=== Begin Enclosure ===

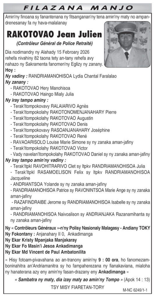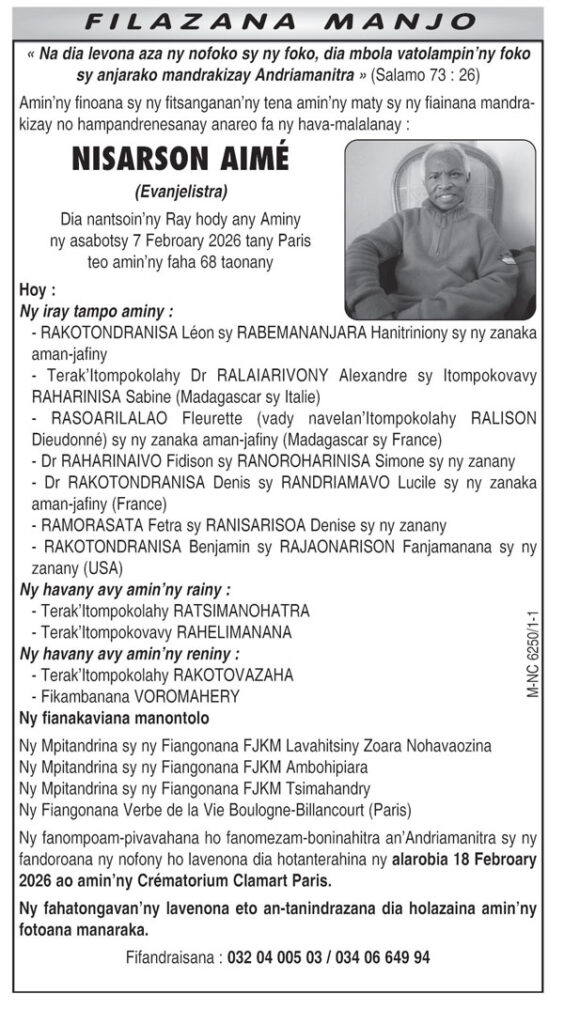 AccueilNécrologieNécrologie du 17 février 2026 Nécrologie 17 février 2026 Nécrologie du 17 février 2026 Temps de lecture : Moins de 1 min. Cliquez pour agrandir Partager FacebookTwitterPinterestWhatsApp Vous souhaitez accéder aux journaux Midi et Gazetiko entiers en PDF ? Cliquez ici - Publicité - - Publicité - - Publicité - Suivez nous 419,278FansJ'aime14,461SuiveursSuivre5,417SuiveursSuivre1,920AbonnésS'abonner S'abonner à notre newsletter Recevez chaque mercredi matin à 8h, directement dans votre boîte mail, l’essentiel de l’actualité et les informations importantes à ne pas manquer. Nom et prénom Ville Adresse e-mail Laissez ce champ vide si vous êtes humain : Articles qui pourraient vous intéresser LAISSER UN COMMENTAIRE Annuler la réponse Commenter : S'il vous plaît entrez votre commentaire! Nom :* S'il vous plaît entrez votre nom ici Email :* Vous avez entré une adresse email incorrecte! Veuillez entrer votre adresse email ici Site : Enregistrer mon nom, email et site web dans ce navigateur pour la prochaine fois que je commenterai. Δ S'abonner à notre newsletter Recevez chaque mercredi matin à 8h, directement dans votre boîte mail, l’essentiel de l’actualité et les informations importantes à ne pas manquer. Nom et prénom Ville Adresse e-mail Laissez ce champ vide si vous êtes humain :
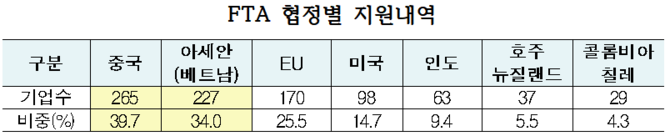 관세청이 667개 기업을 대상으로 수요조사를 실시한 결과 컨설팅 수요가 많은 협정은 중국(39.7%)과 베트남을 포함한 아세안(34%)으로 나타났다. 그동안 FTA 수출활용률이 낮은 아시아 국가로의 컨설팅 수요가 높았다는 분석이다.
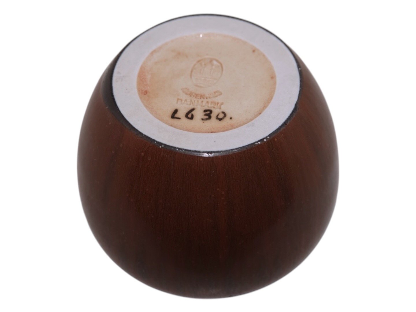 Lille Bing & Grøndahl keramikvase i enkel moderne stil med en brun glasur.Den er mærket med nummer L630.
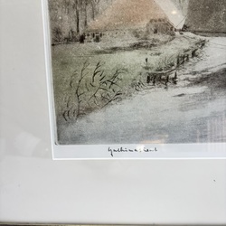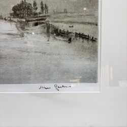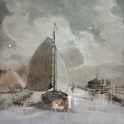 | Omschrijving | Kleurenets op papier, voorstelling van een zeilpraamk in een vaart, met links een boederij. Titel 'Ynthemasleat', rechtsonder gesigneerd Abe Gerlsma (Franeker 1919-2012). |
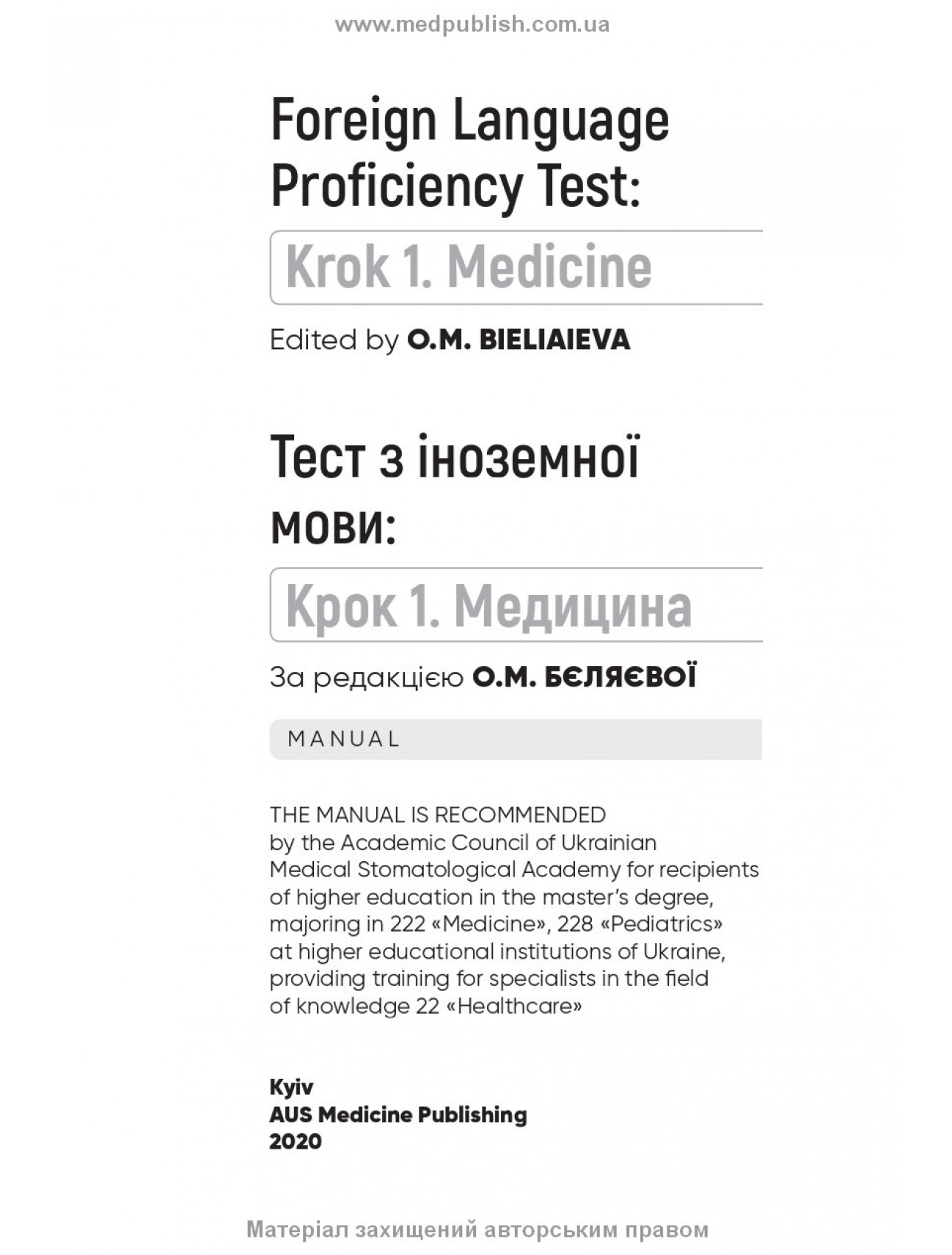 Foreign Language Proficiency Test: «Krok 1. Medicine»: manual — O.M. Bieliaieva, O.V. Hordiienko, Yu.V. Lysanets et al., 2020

=== End Enclosure ===
=== Begin Enclosure ===

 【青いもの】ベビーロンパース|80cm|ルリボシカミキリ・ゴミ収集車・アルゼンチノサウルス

=== End Enclosure ===
=== Begin Enclosure ===

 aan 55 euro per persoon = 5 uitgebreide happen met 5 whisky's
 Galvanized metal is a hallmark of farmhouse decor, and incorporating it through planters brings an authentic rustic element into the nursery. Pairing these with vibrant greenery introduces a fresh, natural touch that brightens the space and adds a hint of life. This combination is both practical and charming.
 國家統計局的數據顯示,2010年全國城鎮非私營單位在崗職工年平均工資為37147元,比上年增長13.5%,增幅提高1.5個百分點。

=== End Enclosure ===

• THE PROBLEM
The line holding "AccueilNécrologieNécrologie du 17" starts the copy and the line holding "Foreign Language Proficiency" ends it. Repeat those two lines above and all between them exactly, leaving out pictures.

• WRITTEN ANSWER
 AccueilNécrologieNécrologie du 17 février 2026 Nécrologie 17 février 2026 Nécrologie du 17 février 2026 Temps de lecture : Moins de 1 min. Cliquez pour agrandir Partager FacebookTwitterPinterestWhatsApp Vous souhaitez accéder aux journaux Midi et Gazetiko entiers en PDF ? Cliquez ici - Publicité - - Publicité - - Publicité - Suivez nous 419,278FansJ'aime14,461SuiveursSuivre5,417SuiveursSuivre1,920AbonnésS'abonner S'abonner à notre newsletter Recevez chaque mercredi matin à 8h, directement dans votre boîte mail, l’essentiel de l’actualité et les informations importantes à ne pas manquer. Nom et prénom Ville Adresse e-mail Laissez ce champ vide si vous êtes humain : Articles qui pourraient vous intéresser LAISSER UN COMMENTAIRE Annuler la réponse Commenter : S'il vous plaît entrez votre commentaire! Nom :* S'il vous plaît entrez votre nom ici Email :* Vous avez entré une adresse email incorrecte! Veuillez entrer votre adresse email ici Site : Enregistrer mon nom, email et site web dans ce navigateur pour la prochaine fois que je commenterai. Δ S'abonner à notre newsletter Recevez chaque mercredi matin à 8h, directement dans votre boîte mail, l’essentiel de l’actualité et les informations importantes à ne pas manquer. Nom et prénom Ville Adresse e-mail Laissez ce champ vide si vous êtes humain :
 관세청이 667개 기업을 대상으로 수요조사를 실시한 결과 컨설팅 수요가 많은 협정은 중국(39.7%)과 베트남을 포함한 아세안(34%)으로 나타났다. 그동안 FTA 수출활용률이 낮은 아시아 국가로의 컨설팅 수요가 높았다는 분석이다.
 Lille Bing & Grøndahl keramikvase i enkel moderne stil med en brun glasur.Den er mærket med nummer L630.
 | Omschrijving | Kleurenets op papier, voorstelling van een zeilpraamk in een vaart, met links een boederij. Titel 'Ynthemasleat', rechtsonder gesigneerd Abe Gerlsma (Franeker 1919-2012). |
 Foreign Language Proficiency Test: «Krok 1. Medicine»: manual — O.M. Bieliaieva, O.V. Hordiienko, Yu.V. Lysanets et al., 2020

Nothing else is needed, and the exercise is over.